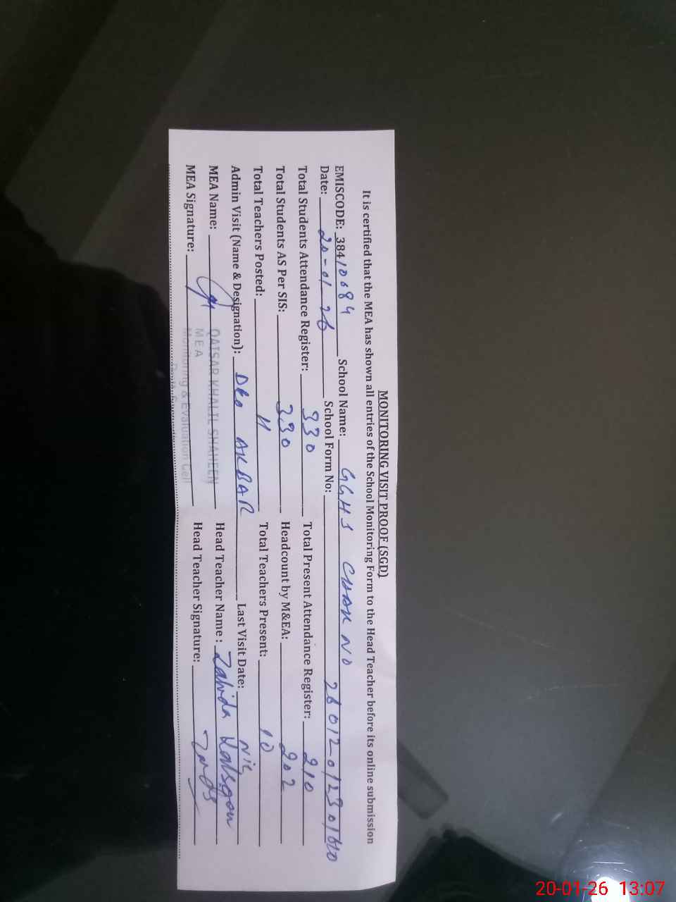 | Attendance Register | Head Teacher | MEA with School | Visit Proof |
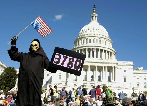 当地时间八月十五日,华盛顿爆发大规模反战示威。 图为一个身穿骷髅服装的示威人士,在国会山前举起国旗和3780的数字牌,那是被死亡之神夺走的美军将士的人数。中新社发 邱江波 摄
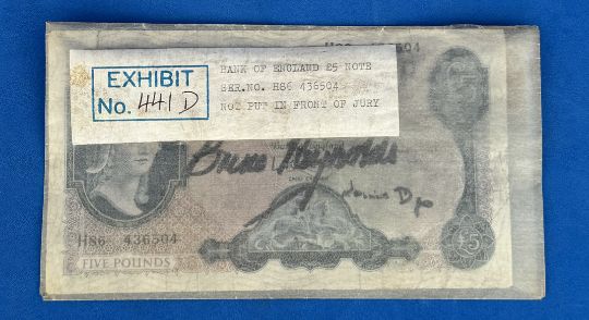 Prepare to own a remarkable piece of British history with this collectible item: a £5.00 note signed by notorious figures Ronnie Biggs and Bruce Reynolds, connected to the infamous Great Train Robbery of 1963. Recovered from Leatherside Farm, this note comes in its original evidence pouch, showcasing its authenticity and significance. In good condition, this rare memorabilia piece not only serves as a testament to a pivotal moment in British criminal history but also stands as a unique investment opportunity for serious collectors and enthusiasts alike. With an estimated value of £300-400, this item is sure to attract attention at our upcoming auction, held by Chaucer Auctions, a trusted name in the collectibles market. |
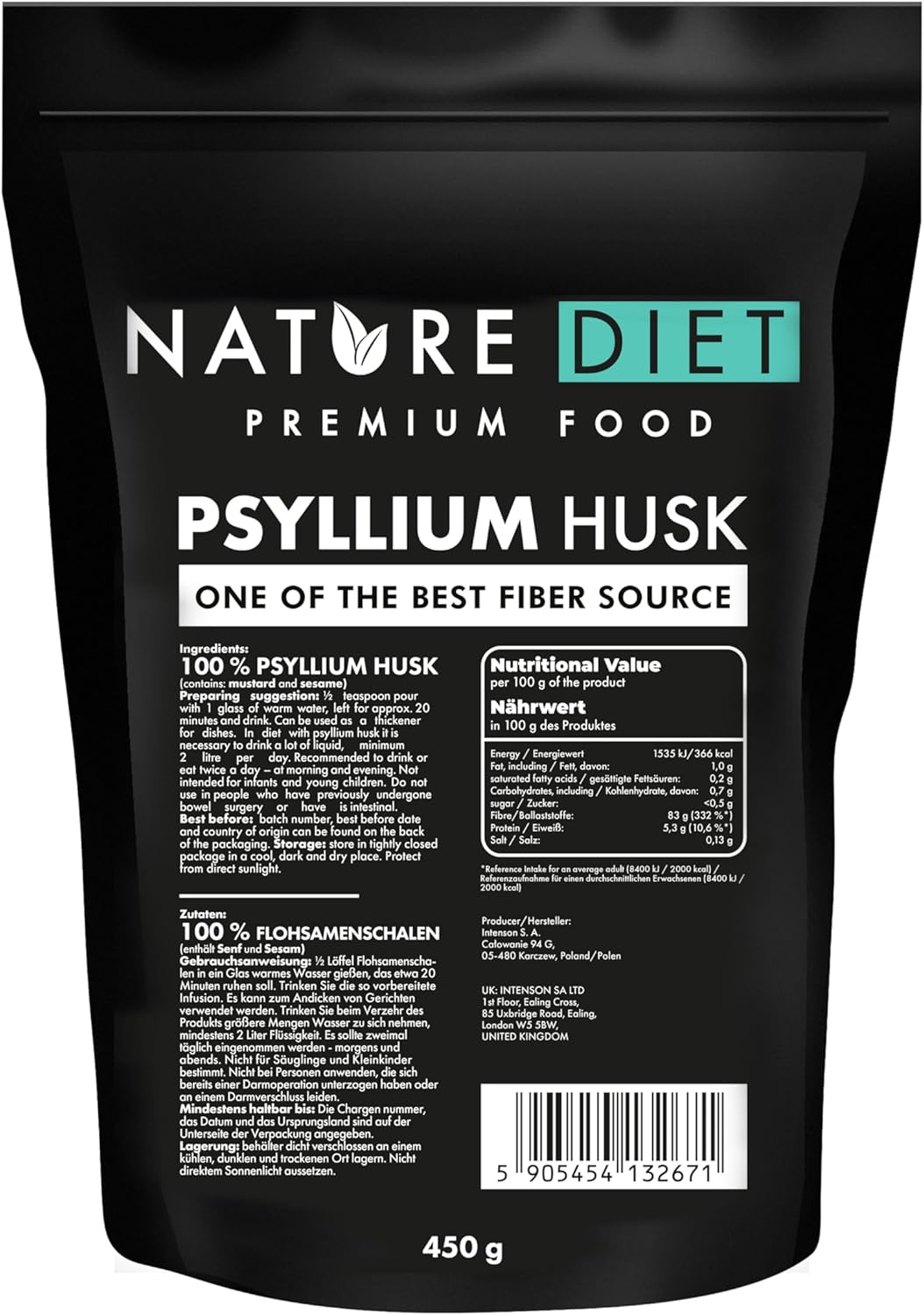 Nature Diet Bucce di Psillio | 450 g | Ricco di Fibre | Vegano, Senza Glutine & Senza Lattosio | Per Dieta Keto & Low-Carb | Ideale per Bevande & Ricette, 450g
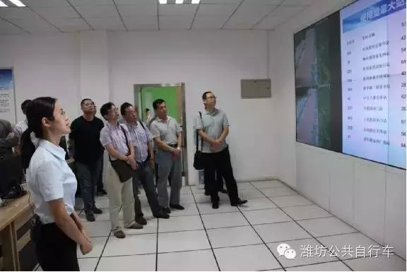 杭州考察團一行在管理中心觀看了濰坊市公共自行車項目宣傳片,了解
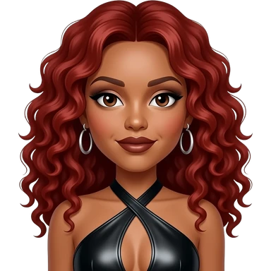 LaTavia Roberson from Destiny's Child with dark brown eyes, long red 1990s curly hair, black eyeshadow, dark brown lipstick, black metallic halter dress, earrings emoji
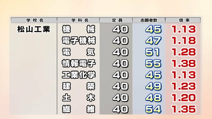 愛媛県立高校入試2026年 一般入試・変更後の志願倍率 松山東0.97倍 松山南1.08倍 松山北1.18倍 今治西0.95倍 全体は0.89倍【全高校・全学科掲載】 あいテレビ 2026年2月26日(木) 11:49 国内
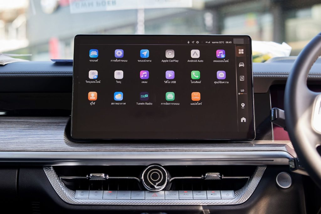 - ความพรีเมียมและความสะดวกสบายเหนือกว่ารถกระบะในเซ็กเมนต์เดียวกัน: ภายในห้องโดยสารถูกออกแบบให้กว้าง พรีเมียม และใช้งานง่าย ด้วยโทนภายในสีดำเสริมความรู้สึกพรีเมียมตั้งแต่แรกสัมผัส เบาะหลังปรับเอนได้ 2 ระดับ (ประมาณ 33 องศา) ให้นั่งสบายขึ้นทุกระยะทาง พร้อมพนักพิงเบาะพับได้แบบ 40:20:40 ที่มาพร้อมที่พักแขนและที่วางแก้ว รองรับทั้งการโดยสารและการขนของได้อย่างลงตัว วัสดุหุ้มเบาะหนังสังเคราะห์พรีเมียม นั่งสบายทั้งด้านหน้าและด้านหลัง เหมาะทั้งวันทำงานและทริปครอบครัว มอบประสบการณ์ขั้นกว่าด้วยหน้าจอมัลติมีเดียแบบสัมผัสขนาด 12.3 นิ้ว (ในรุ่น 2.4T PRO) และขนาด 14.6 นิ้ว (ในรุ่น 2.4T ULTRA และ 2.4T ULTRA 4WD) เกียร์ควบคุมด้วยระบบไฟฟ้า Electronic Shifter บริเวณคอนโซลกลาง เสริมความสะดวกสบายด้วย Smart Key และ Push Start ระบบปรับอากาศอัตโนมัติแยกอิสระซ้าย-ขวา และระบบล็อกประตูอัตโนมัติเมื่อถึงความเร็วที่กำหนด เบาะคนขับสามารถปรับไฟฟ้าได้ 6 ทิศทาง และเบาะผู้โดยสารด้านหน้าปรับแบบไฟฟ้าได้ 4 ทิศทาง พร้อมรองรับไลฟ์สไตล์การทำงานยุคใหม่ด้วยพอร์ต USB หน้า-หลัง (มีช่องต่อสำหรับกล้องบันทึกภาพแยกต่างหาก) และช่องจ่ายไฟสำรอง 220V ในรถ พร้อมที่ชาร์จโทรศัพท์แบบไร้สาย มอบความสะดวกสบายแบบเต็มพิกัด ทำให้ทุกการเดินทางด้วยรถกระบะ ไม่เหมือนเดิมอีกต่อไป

* * *

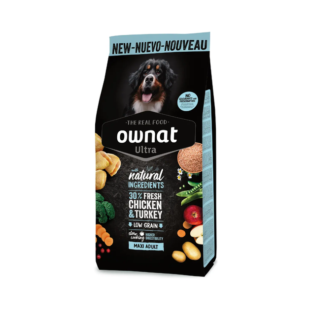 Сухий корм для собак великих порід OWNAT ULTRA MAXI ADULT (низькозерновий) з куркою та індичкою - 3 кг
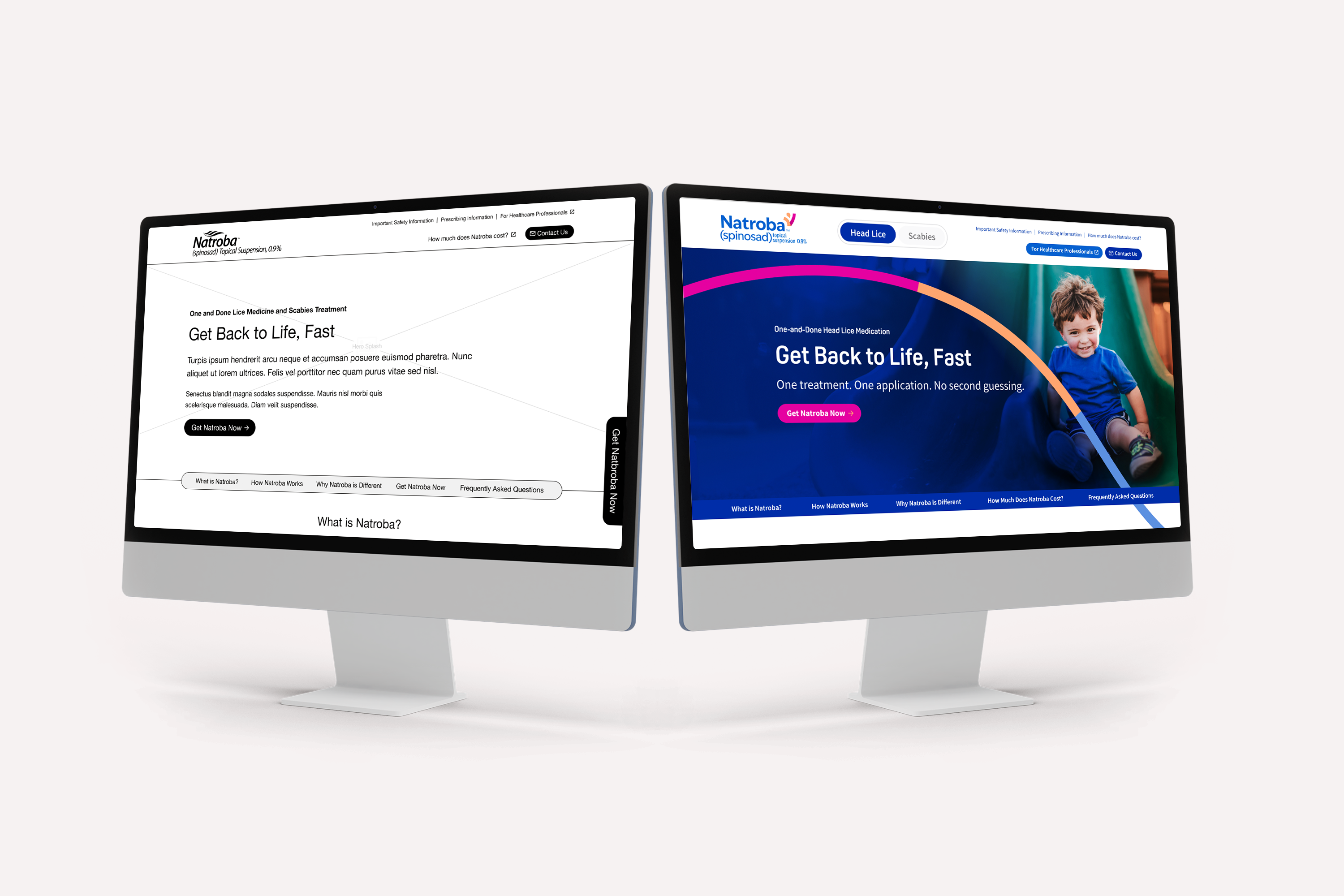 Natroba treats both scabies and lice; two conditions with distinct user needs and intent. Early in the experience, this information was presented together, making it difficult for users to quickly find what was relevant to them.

---

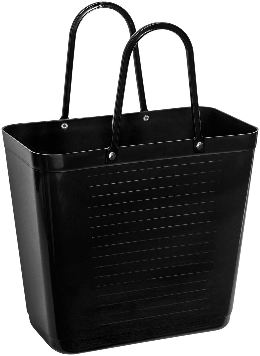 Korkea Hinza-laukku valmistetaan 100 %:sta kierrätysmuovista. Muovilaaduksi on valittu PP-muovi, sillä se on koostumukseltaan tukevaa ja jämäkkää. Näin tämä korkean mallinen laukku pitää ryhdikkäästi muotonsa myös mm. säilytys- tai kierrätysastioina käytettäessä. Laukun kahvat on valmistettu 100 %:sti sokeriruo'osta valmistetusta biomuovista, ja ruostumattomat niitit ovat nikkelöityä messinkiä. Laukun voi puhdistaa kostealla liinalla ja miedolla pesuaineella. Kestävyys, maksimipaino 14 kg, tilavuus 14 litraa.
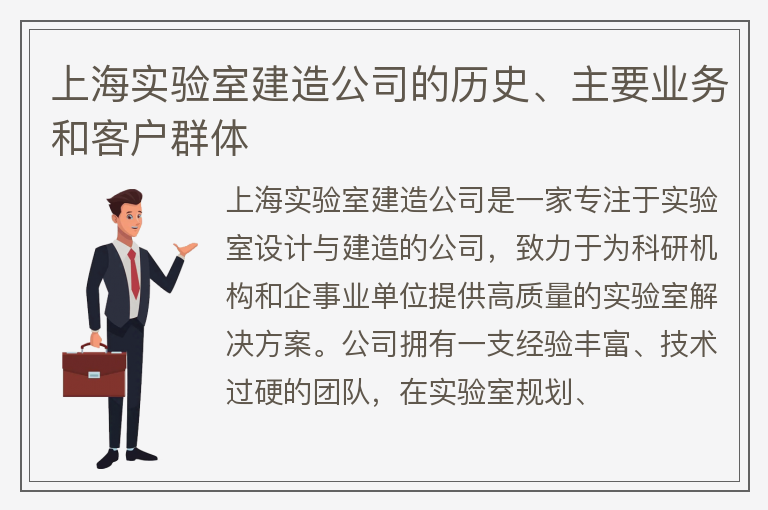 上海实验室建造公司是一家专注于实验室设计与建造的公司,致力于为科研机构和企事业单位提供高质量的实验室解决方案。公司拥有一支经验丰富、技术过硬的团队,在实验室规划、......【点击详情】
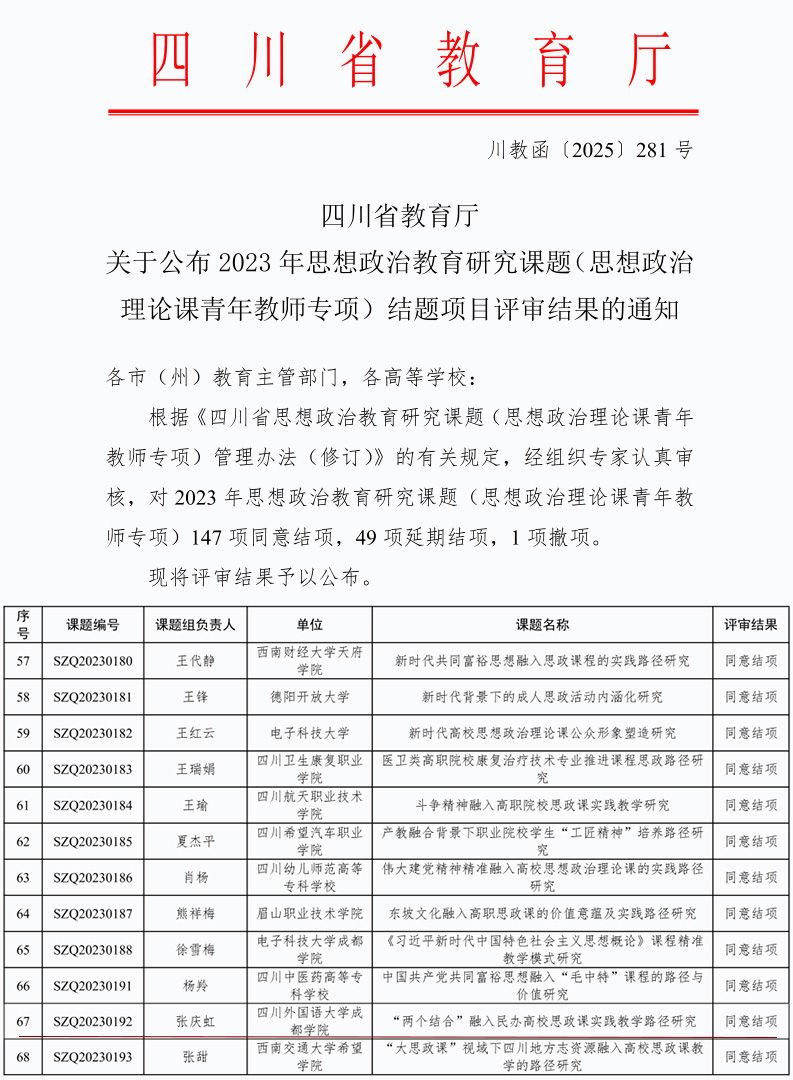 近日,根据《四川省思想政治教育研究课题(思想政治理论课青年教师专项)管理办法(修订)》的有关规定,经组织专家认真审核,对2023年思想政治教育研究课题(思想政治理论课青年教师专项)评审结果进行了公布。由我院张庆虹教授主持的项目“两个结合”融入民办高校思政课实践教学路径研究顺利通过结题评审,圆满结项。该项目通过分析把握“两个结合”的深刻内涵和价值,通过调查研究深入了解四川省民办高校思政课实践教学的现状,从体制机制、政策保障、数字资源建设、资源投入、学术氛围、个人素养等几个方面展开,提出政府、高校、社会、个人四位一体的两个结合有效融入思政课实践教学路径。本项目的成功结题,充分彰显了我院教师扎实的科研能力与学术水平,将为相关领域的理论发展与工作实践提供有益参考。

● **TO DO**:
Given the listing above, repeat exactly the lines starting at the one with "Visit Proof |" and ending at the one with "LaTavia Roberson from", inclusive, excluding pictures.

● **WRITTEN RESPONSE**:
 | Attendance Register | Head Teacher | MEA with School | Visit Proof |
 当地时间八月十五日,华盛顿爆发大规模反战示威。 图为一个身穿骷髅服装的示威人士,在国会山前举起国旗和3780的数字牌,那是被死亡之神夺走的美军将士的人数。中新社发 邱江波 摄
 Prepare to own a remarkable piece of British history with this collectible item: a £5.00 note signed by notorious figures Ronnie Biggs and Bruce Reynolds, connected to the infamous Great Train Robbery of 1963. Recovered from Leatherside Farm, this note comes in its original evidence pouch, showcasing its authenticity and significance. In good condition, this rare memorabilia piece not only serves as a testament to a pivotal moment in British criminal history but also stands as a unique investment opportunity for serious collectors and enthusiasts alike. With an estimated value of £300-400, this item is sure to attract attention at our upcoming auction, held by Chaucer Auctions, a trusted name in the collectibles market. |
 Nature Diet Bucce di Psillio | 450 g | Ricco di Fibre | Vegano, Senza Glutine & Senza Lattosio | Per Dieta Keto & Low-Carb | Ideale per Bevande & Ricette, 450g
 杭州考察團一行在管理中心觀看了濰坊市公共自行車項目宣傳片,了解
 LaTavia Roberson from Destiny's Child with dark brown eyes, long red 1990s curly hair, black eyeshadow, dark brown lipstick, black metallic halter dress, earrings emoji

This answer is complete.